In practice, using Darwin Core revolves around a standard file format, the Darwin Core Archive (DwC-A). This compact package (a ZIP file) contains interconnected text files and enables data publishers to share their data using a common terminology. This standardization not only simplifies the process of publishing biodiversity datasets, it also makes it easy for users to discover, search, evaluate and compare datasets as they seek answers to today’s data-intensive research and policy questions.
What’s in an archive?
When preparing a Darwin Core Archive version from their source data, publishers restructure and streamline information into a small but structured collection of text files. One of these files is the ‘core’ file and holds a separate record for each of the items included in the archive. Other ‘extension’ files may also be included. These contain additional information linked to the records in the core file. Extension files allow the archive to model many-to-one relationships.

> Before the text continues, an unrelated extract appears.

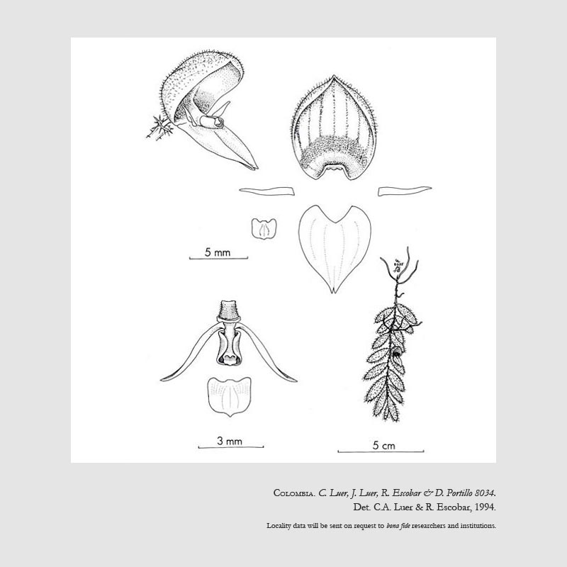 Found in Boyaca department of Colombia in scrub forests at elevations around 2600 meters as a medium sized, cold growing epiphyte with pendent, branching rhizomes giving rise to abbreviated ramicauls concealed by a ciliate lepanthiform sheath and carrying a single, apical, pendent, largest of the genus, coriaceous, densely villous, elliptical, acute to subacute apically, 5 veined, contracted below into the petiolate base leaf that blooms in the spring on a slender, ascending, congested, .02 to .04" [.05 to 1 mm] long, successively few flowered inflorescence with a ciliate floral bract

Depending on how much information the source data contains—and how much they wish to share—publishers can create a Darwin Core Archive with one of three cores:
- a Taxon core, which lists a set of species, typically coming from the same region or sharing common characteristics
- an Occurrence core, which lists a set of times and locations at which particular species have been recorded
- an Event core, which lists field studies (including the protocols used, the sample size, and the location for each).
In the case of an Event core, one extension file usually contains the elements displayed in an Occurrence core, which enables the inclusion of many observation records as part of a single planned field study.
Finally, each archive contains two more pieces that help both machines and humans interpreting the data. The first, a descriptor file (meta.xml), defines the precise structure and relationships between the core and any extensions. The second, a complementary metadata file, describes the datasets contained in the archive, typically in Ecological Metadata Language (EML.xml)—though the GBIF’s Integrated Publishing Toolkit produces these files automatically for its users.
Sharing species monitoring and sampling data with the Event Core
Efforts to track shifts in biodiversity patterns over space and time have increased the amount of species information available through sampling and monitoring programmes. In addition to having more precisely described methods than ‘presence-only’ data, these sample-based datasets capture richer, more complex details about species quantities and frequency.
With their frequent inclusion of repeated measurements from the same places, sampling-event data from ecological and environmental investigations are better at detecting shifts and trends in species populations—and critical to understanding the scope and speed of global change.
But to help make the most of these diverse data and ensure their efficient contribution to more precise scientific analyses and policy outcomes, researchers need easy access to them in a consistent, compatible format.
The Darwin Core Standard has become the most widely used open-access standard for biodiversity data. Developed to provide a simple way to document and share information about species occurrences, whether in the field or in a museum collection, the standard has made it possible to integrate hundreds of millions of records through GBIF.org.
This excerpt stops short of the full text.